Date : 00.00.00
Name of the Patient : Abc XyzDanalmn / M / 33 yrs.
Referred by : Dr. Abc Xyzikhalikar.
Examination : M.R.I. of the Dorso-lumbar Spine.
CLINICAL PROFILE :
C/O backache since 1 month.
C/O weakness of BLE since 4-5 days.
H/O epilepsy since 2 years.
M.R.I of the dorso-lumbar spine was performed using the following parameters :
4 mm thick T1 Weighted and T2 Weighted sagittal images.
7 mm thick T1 Weighted and T2 Weighted axial images.
6 mm thick T1 Weighted coronal images.
The D7 and D8 vertebral bodies appear relatively more hypointense when compared to the rest of the vertebrae on the T1 Weighted images and appear heterogeneously hyperintense on the T2 Weighted images. The D3 and D5 vertebral bodies also show a hyperintense signal on the T2 Weighted images.

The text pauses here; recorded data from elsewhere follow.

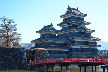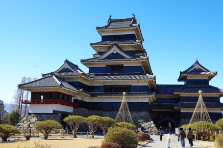 松本駅からの眺め。山頂は雪をかぶって白くなっていた。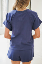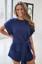 Elevate your casual wardrobe with this sophisticated two-piece set. The navy blue short-sleeved top features a refined bow waist tie belt that cinches for a flattering silhouette, while the coordinating sweatshirt offers comfort with its soft fabric, elastic waistband, and drawstring closure. Perfect for effortless layering or wearing separately, this versatile pairing transitions seamlessly from day to evening.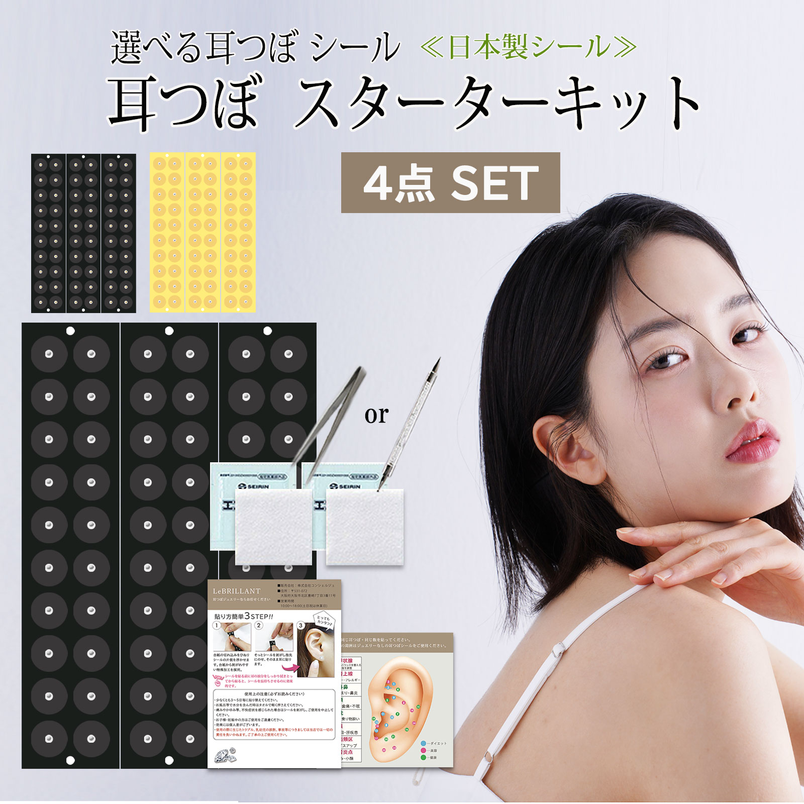 耳つぼ スターターキット 4点セット 初心者で安心解説図付 耳つぼシール つぼ押し ピンセット 耳ツボ お試し チタン粒 金粒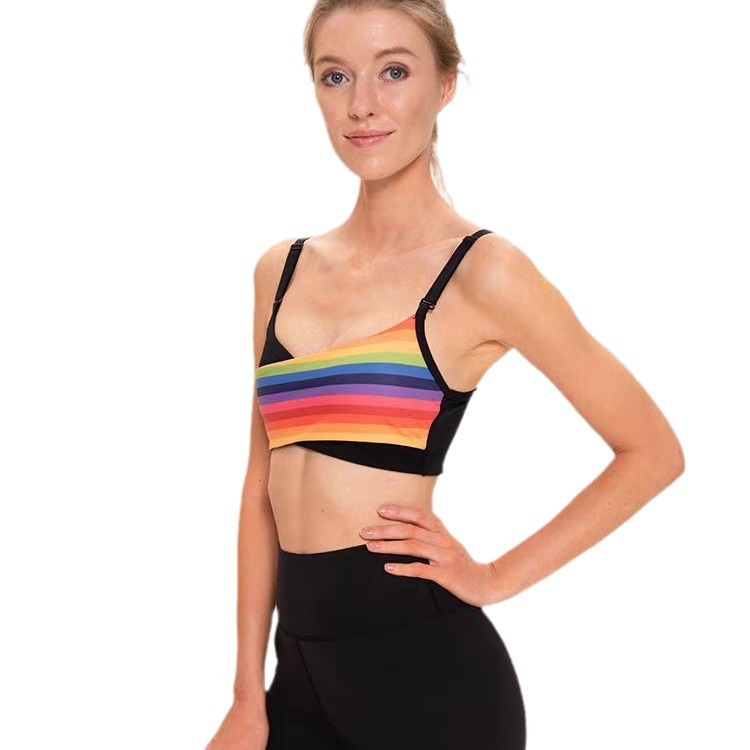 跨境外贸欧美彩虹撞色性感聚拢内衣运动文胸背心瑜伽服套装健身裤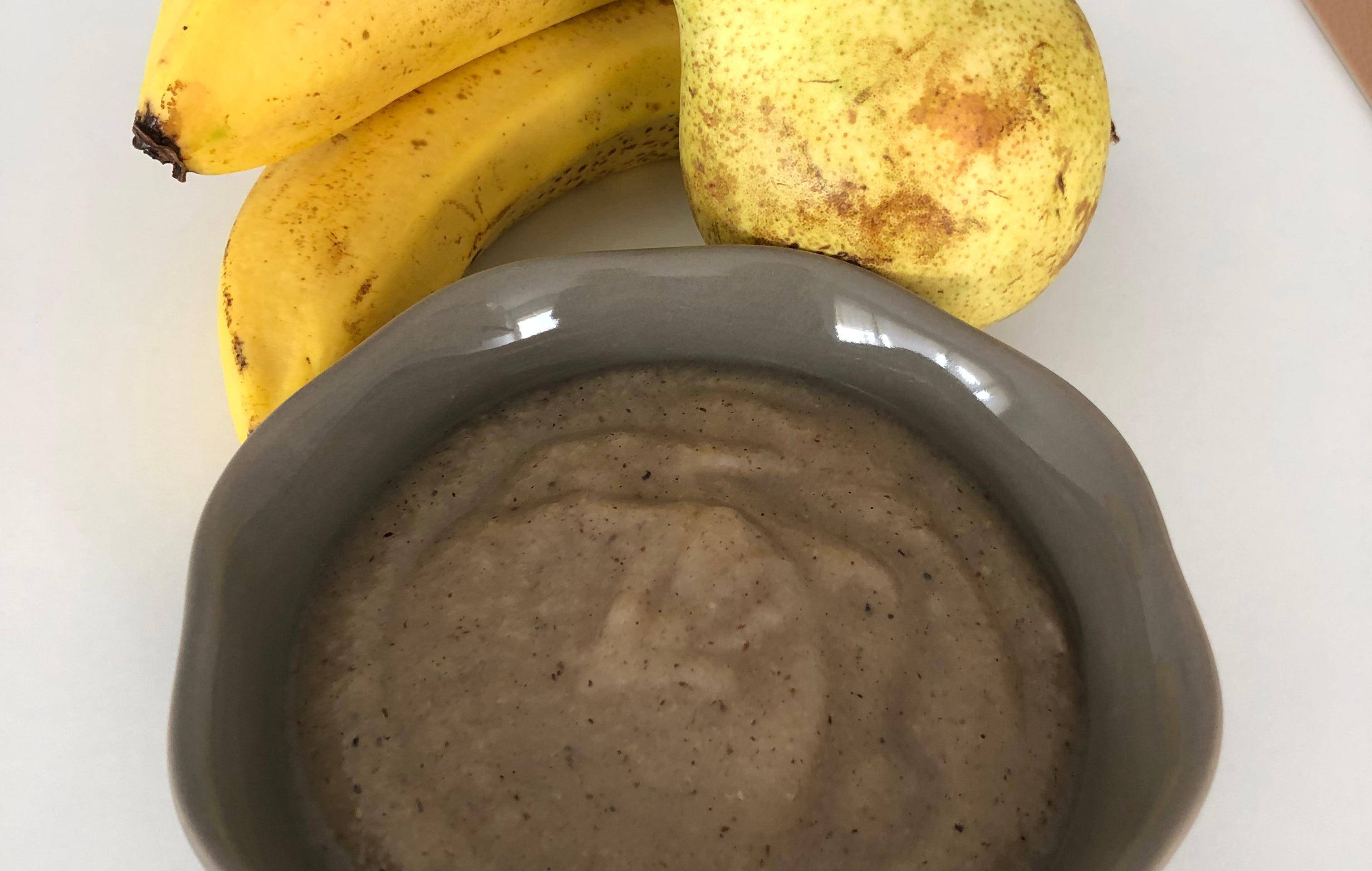 Épluchez les poires, ôtez les pépins et coupez-l’es en morceaux. Coupez les bananes en rondelles. Mettez poires et bananes dans le robot muni du couteau hachoir « Ultrablade ». Ajoutez la cassonade, l’eau et la vanille. Verrouillez le couvercle avec le bouchon et appuyer sur « Start ».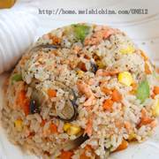 三文鱼肉、黑胡椒粉、柠檬汁、盐、丝瓜、胡萝卜、草菇、甜玉米粒、隔夜米饭、虾油、鸡精。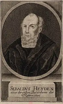 Sebald Heyden (8 December 1499 – 9 July 1561)[1] was a German musicologist, cantor, theologian, hymn-writer and religious poet. He is perhaps best known for his De arte canendi ("On the Art of Singing", third installment published 1540) which is considered to have had a major impact on scholarship and the teaching of singing to young boys.[2] He wrote hymns such as "O Mensch, bewein dein Sünde groß". It has been speculated that Heyden was the world's first true musicologist.[3]

There is destruction of the right transverse process of the D10 and D11 vertebrae. There is a minimal right paravertebral and right posterior paraspinal soft tissue lesion extending over the D10 to D12 vertebral levels. This lesion is of intermediate signal on the T1 Weighted images and turns hyperintense on the T2 Weighted images. There is also extension of the soft tissue lesion in the right lateral epidural space over the D9 to D12 vertebral levels, with cord compression. The dorsal spinal cord over these levels shows a subtle hyperintense signal on the T2 Weighted images suggesting cord edema/ischemia.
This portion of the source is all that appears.